I know people are getting frustrated with me, telling me to grow a backbone, etc. But this is the role I've played in my family for a long time. I'm the "bummer" who follows rules and wants things done a certain way...and my mother and sister are the fun girls who roll their eyes at me. So I guess I've gotten in a bad habit myself (that is, assuming I'm the problem and just need to chill out).

I'm on my way back home now and she's supposed to meet me there to start packing. I've dropped my son off at his friends' house to keep him away from the inevitable drama. I'll keep everyone posted. Thanks so much for the support today. I can't wait to have my house back.


So you're saying they treat you like shit, but you don't want to grow a backbone because that's the way it's always been? (and that's the way it always should be?)

w.t.f. You need to get therapy as well. OP - you seem wonderful, but your martyrdom is not healthy for either you or your sun. You are teaching your sun that it's okay to walk all over people or have them walk all over you.
Anonymous
Anonymous wrote:
Anonymous wrote:
Anonymous wrote:OP, why doesn't your sister move in with your mother?


OP here: I actually asked both of them about this but she basically falls into the same category as the boyfriend: not there to help, just...there, I guess.

I know people are getting frustrated with me, telling me to grow a backbone, etc. But this is the role I've played in my family for a long time. I'm the "bummer" who follows rules and wants things done a certain way...and my mother and sister are the fun girls who roll their eyes at me. So I guess I've gotten in a bad habit myself (that is, assuming I'm the problem and just need to chill out).

I'm on my way back home now and she's supposed to meet me there to start packing. I've dropped my son off at his friends' house to keep him away from the inevitable drama. I'll keep everyone posted. Thanks so much for the support today. I can't wait to have my house back.


So you're saying they treat you like shit, but you don't want to grow a backbone because that's the way it's always been? (and that's the way it always should be?)

w.t.f. You need to get therapy as well. OP - you seem wonderful, but your martyrdom is not healthy for either you or your sun. You are teaching your sun that it's okay to walk all over people or have them walk all over you.


hahha. I can't spell

*son
Anonymous
Yup, your choices are clear. Your sister will NEVER change.

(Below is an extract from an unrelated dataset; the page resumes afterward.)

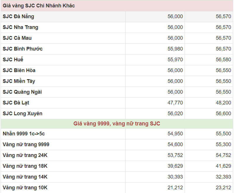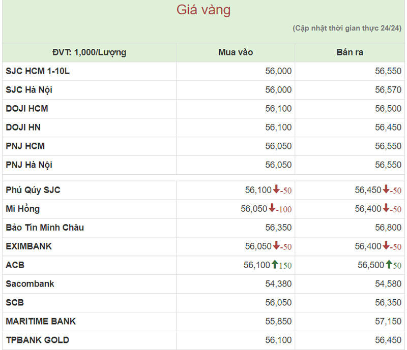 Hiện công ty Vàng bạc đá quý Sài Gòn (SJC) niêm yết giá vàng miếng mua vào ở mức 56 – 56,57 triệu đồng/lượng (mua vào-bán ra).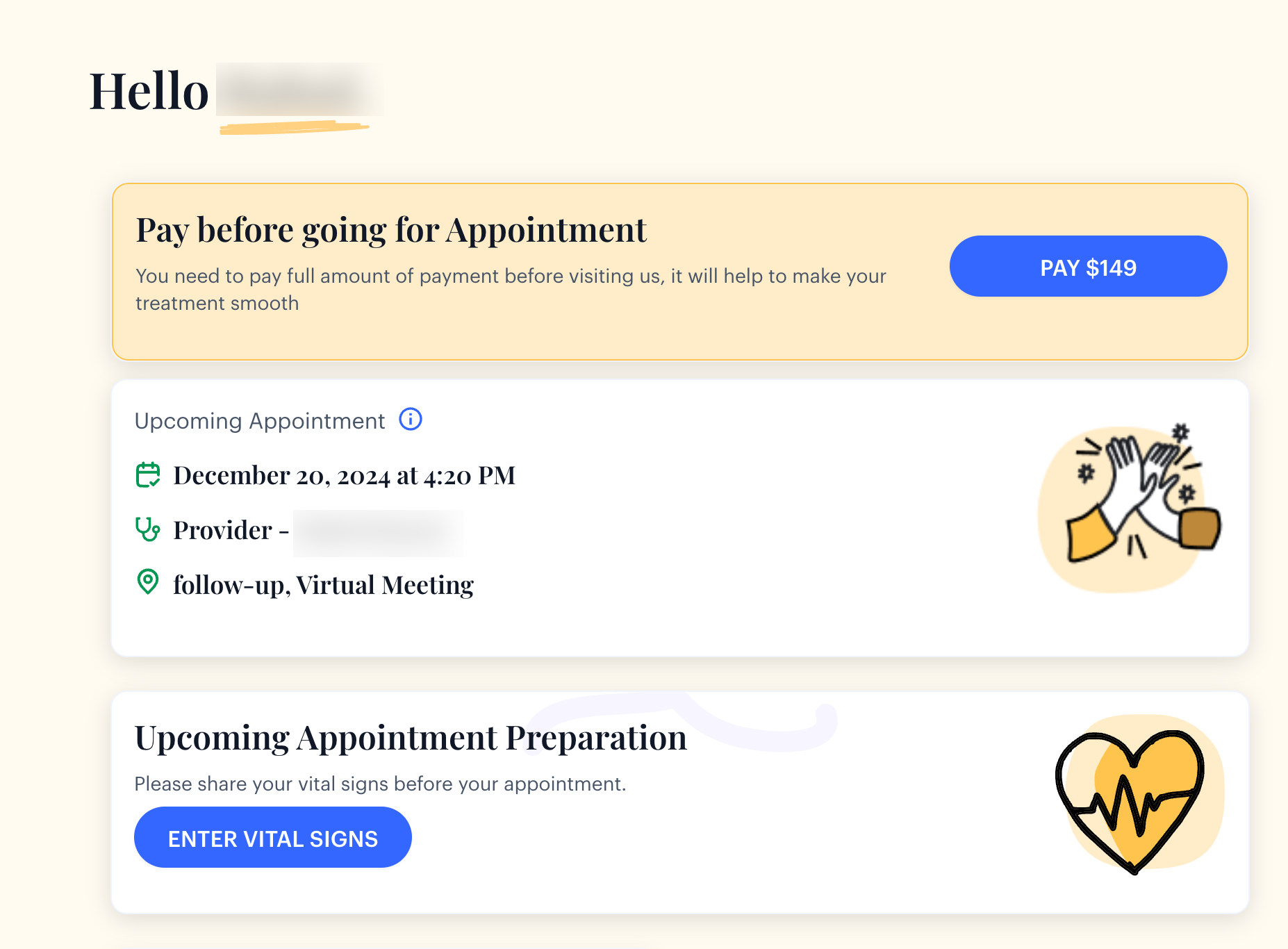 This guide walks you through setting up your payment method, securely managing your card information, and completing payment for your upcoming visit.

Either do something to change your situation or make peace with it and shut up.
Anonymous
Anonymous wrote:Yup, your choices are clear. Your sister will NEVER change.

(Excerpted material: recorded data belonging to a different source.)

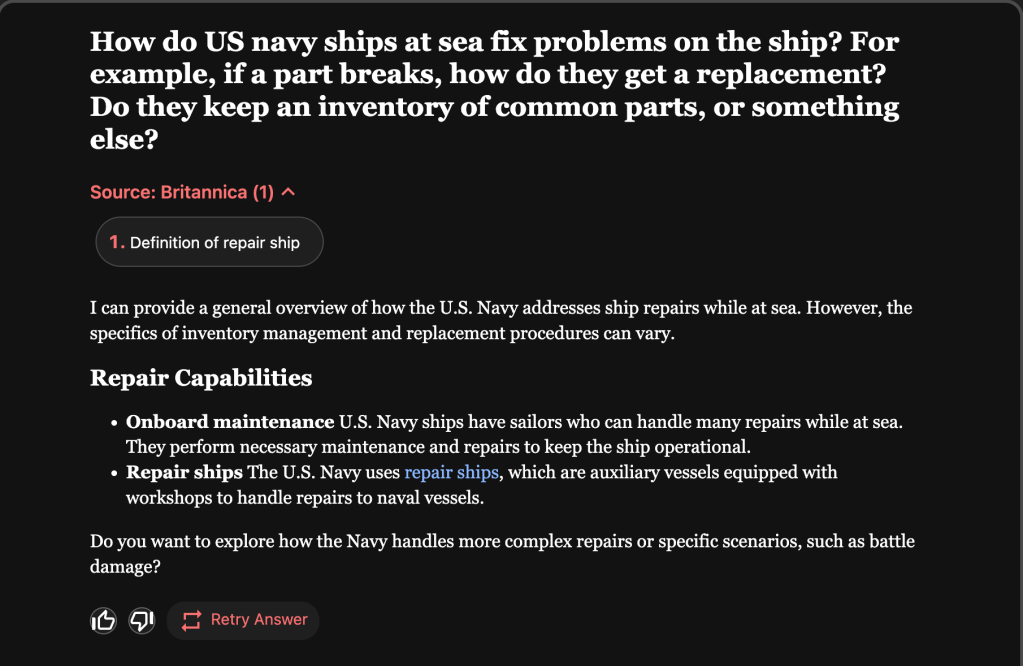 But again, Brittanica didn’t cite its own wonderful articles! Instead, it kicked the query to ChatGPT. I can’t verify if the response is accurate.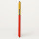 Stilvolles iPhone Gehäuse, mit einer Palmengrafik über einem orangen und gelben abstrakten Sonnenaufgang. Personalisieren Sie den Text für sich selbst oder als großartige Geschenkidee.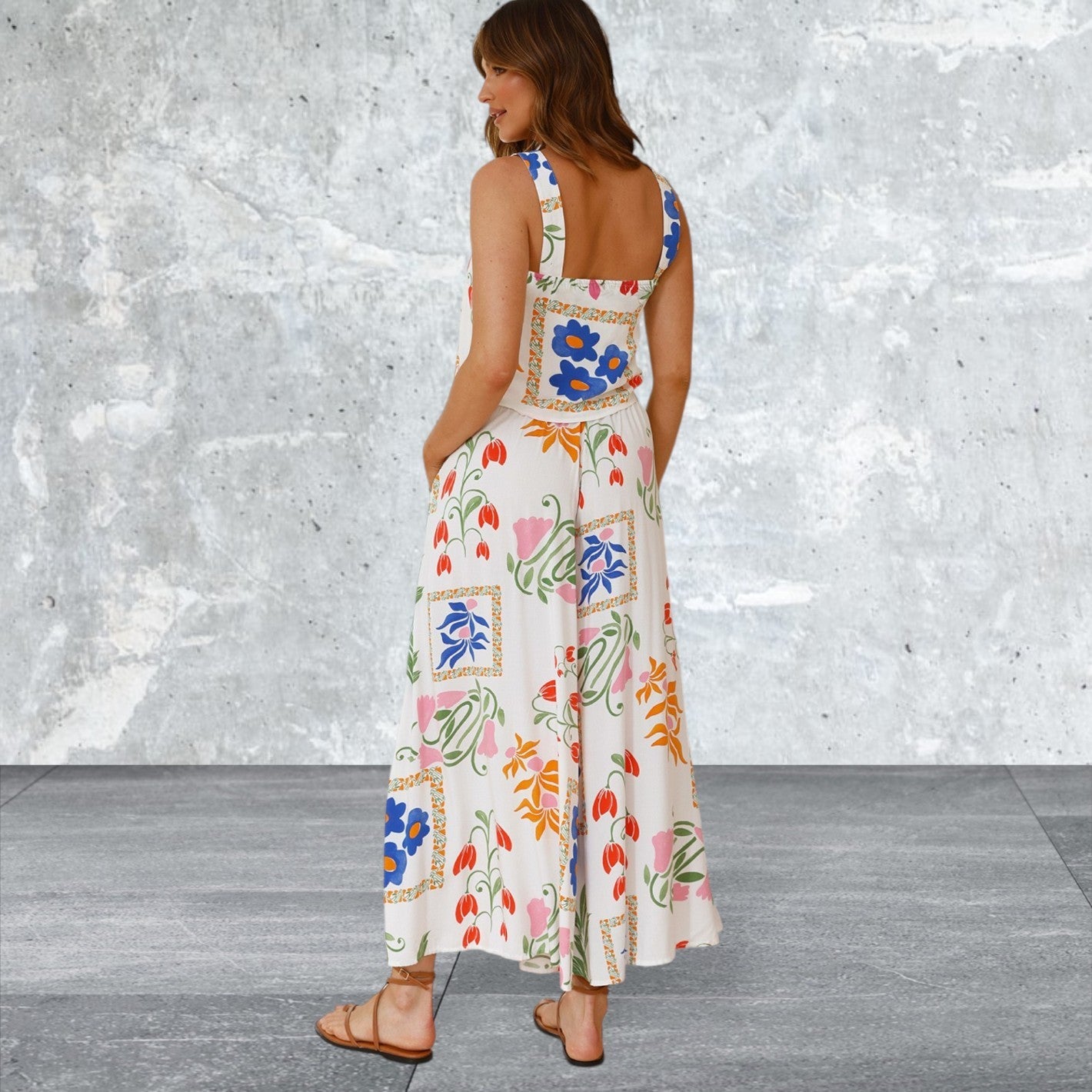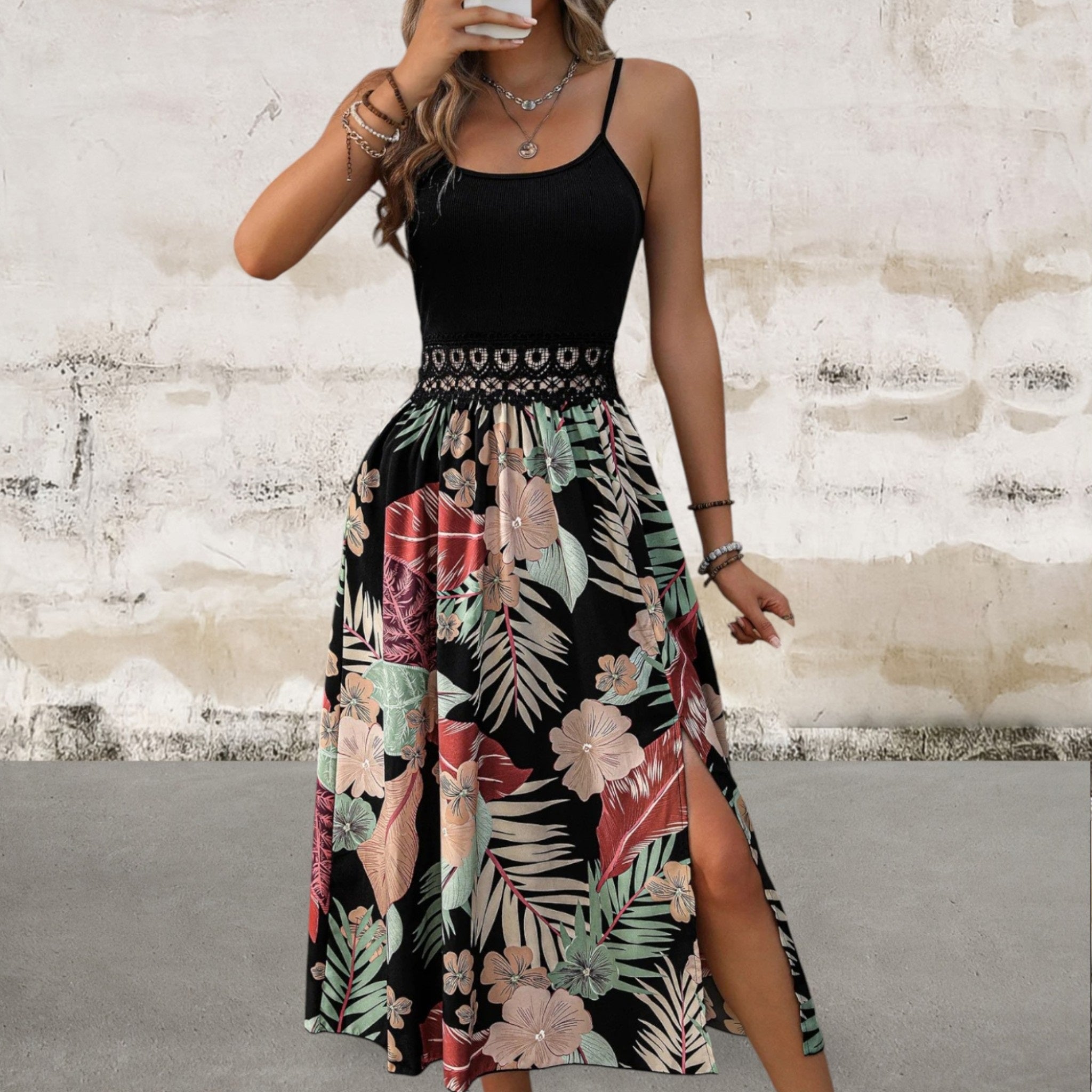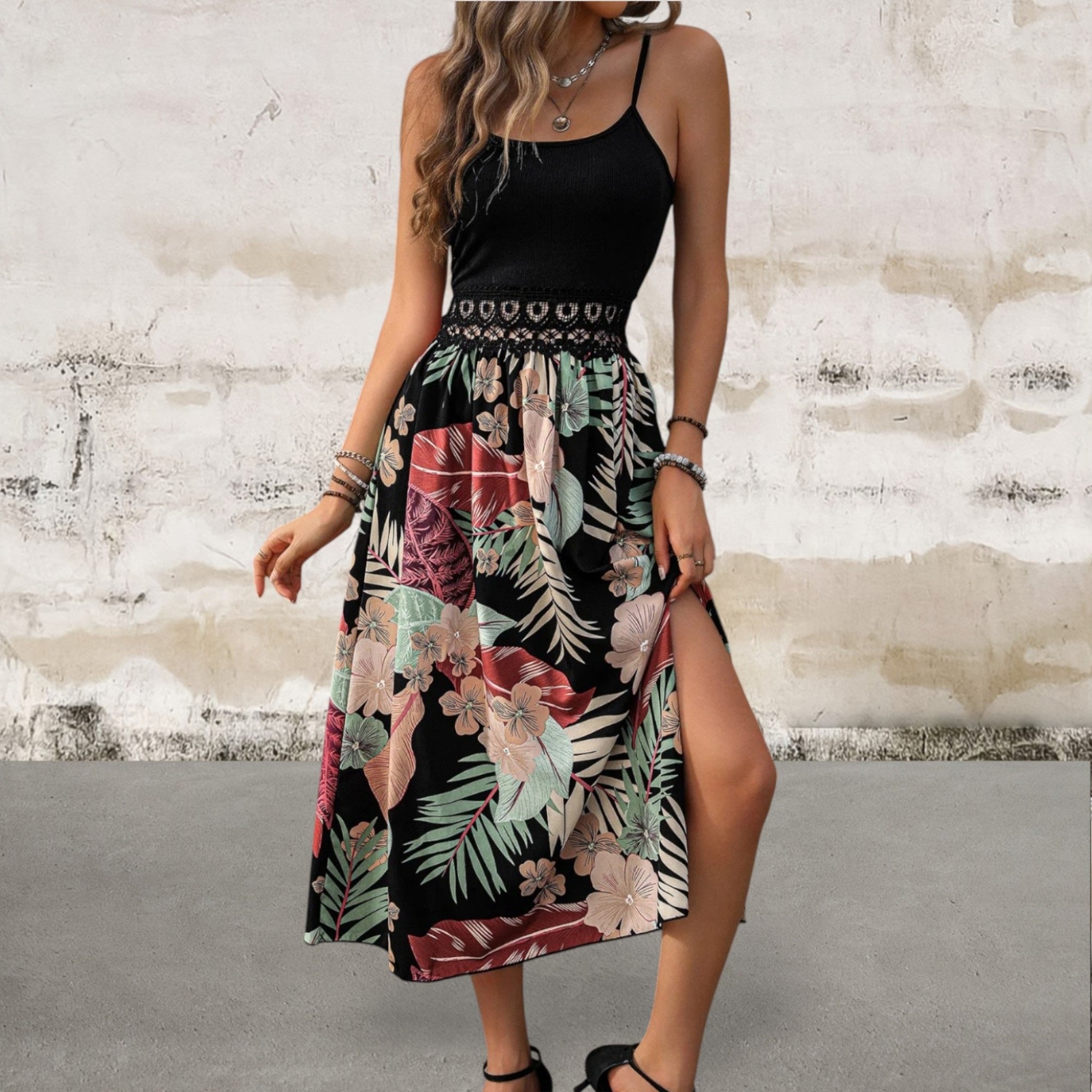 Sleeveless Lace Detail Floral Slit Midi Cami Dress

Either do something to change your situation or make peace with it and shut up.


I know this is DCUM and all, but until you and pp showed up, it's been a supportive thread for op. No need to be an ass to make your point.
Anonymous
Anonymous wrote:
Anonymous wrote:Yup, your choices are clear. Your sister will NEVER change.

Either do something to change your situation or make peace with it and shut up.


I know this is DCUM and all, but until you and pp showed up, it's been a supportive thread for op. No need to be an ass to make your point.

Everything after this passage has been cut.